**Work to be completed:**
Exactly reproduce the lines from the top of the entries below through the line containing "- 【Large Storage】Tactical", with both ends included.
*** Opening of Extracted records ***
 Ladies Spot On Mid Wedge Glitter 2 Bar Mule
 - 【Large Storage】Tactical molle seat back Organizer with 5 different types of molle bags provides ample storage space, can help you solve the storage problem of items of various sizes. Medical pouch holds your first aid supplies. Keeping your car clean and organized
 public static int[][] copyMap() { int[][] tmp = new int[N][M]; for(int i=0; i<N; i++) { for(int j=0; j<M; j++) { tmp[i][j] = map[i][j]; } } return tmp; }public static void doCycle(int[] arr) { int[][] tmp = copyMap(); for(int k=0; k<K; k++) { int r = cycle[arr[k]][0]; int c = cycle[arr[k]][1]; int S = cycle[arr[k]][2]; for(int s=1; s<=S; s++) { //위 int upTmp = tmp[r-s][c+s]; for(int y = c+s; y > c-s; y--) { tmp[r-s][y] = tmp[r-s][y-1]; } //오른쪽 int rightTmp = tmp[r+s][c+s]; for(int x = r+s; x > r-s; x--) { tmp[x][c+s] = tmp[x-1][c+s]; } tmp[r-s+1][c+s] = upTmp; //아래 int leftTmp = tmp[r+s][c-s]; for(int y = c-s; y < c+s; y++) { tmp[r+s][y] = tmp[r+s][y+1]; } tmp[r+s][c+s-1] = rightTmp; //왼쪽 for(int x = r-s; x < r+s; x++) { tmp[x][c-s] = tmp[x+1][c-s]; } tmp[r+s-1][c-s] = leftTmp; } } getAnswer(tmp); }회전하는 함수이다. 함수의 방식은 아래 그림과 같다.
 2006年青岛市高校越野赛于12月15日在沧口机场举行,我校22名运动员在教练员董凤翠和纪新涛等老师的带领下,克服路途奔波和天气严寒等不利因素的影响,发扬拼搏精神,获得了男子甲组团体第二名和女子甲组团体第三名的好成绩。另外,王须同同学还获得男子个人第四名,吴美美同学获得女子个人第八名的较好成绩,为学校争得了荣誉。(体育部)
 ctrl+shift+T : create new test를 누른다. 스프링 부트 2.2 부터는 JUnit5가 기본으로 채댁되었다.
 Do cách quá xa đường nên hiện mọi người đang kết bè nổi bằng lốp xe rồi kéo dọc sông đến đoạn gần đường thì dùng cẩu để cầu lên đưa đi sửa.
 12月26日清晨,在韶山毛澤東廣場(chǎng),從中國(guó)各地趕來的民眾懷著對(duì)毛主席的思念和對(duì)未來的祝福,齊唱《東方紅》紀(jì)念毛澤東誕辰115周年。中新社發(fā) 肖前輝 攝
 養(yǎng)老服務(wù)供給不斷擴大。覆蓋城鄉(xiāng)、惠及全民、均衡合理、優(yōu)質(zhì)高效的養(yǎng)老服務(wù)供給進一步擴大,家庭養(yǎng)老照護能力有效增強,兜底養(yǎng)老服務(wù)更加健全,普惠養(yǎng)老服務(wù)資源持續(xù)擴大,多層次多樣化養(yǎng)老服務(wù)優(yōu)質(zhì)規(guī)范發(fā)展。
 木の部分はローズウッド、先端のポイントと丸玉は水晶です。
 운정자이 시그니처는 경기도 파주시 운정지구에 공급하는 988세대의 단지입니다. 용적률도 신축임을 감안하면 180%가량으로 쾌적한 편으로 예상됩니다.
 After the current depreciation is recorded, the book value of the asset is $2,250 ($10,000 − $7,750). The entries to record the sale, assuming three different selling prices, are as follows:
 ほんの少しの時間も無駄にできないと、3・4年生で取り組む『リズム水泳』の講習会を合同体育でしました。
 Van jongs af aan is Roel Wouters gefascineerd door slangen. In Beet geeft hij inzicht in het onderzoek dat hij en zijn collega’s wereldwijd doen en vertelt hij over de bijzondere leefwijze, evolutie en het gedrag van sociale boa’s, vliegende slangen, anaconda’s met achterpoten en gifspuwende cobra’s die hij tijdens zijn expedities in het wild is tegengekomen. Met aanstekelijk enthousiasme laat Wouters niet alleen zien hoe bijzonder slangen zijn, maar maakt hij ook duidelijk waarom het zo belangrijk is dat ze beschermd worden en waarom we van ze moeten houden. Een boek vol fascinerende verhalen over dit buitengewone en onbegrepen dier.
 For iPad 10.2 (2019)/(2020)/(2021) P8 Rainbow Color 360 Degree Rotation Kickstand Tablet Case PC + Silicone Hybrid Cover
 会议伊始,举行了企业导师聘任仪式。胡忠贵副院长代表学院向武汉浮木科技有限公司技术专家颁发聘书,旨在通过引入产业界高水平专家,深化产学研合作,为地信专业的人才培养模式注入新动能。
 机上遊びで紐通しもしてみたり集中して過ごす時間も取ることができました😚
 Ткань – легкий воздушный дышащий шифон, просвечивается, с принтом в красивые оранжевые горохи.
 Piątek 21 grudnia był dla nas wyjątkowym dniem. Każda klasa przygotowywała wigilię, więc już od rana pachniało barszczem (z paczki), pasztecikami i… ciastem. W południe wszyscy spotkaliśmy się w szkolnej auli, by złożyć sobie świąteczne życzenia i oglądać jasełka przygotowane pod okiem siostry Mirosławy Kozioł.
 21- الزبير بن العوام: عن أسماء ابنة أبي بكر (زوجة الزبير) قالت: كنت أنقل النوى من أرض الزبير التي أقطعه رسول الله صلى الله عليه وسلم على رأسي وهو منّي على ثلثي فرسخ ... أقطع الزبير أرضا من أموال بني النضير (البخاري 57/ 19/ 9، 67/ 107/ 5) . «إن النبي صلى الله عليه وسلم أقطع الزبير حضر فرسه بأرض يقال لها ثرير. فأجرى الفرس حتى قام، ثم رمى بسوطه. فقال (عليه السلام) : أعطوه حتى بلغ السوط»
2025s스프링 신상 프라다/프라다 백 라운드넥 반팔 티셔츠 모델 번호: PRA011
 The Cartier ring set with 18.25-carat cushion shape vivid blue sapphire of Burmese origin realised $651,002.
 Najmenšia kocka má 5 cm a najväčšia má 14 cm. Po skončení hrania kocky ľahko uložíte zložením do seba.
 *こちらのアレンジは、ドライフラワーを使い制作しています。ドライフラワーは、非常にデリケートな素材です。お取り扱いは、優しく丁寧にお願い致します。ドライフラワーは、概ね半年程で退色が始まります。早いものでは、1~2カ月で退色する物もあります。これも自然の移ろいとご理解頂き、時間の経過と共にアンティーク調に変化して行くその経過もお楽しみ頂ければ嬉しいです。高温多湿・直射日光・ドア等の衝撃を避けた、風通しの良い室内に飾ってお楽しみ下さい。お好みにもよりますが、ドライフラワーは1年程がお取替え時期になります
*** Close of Extracted records ***
**Written answer:**
 Ladies Spot On Mid Wedge Glitter 2 Bar Mule
 - 【Large Storage】Tactical molle seat back Organizer with 5 different types of molle bags provides ample storage space, can help you solve the storage problem of items of various sizes. Medical pouch holds your first aid supplies. Keeping your car clean and organized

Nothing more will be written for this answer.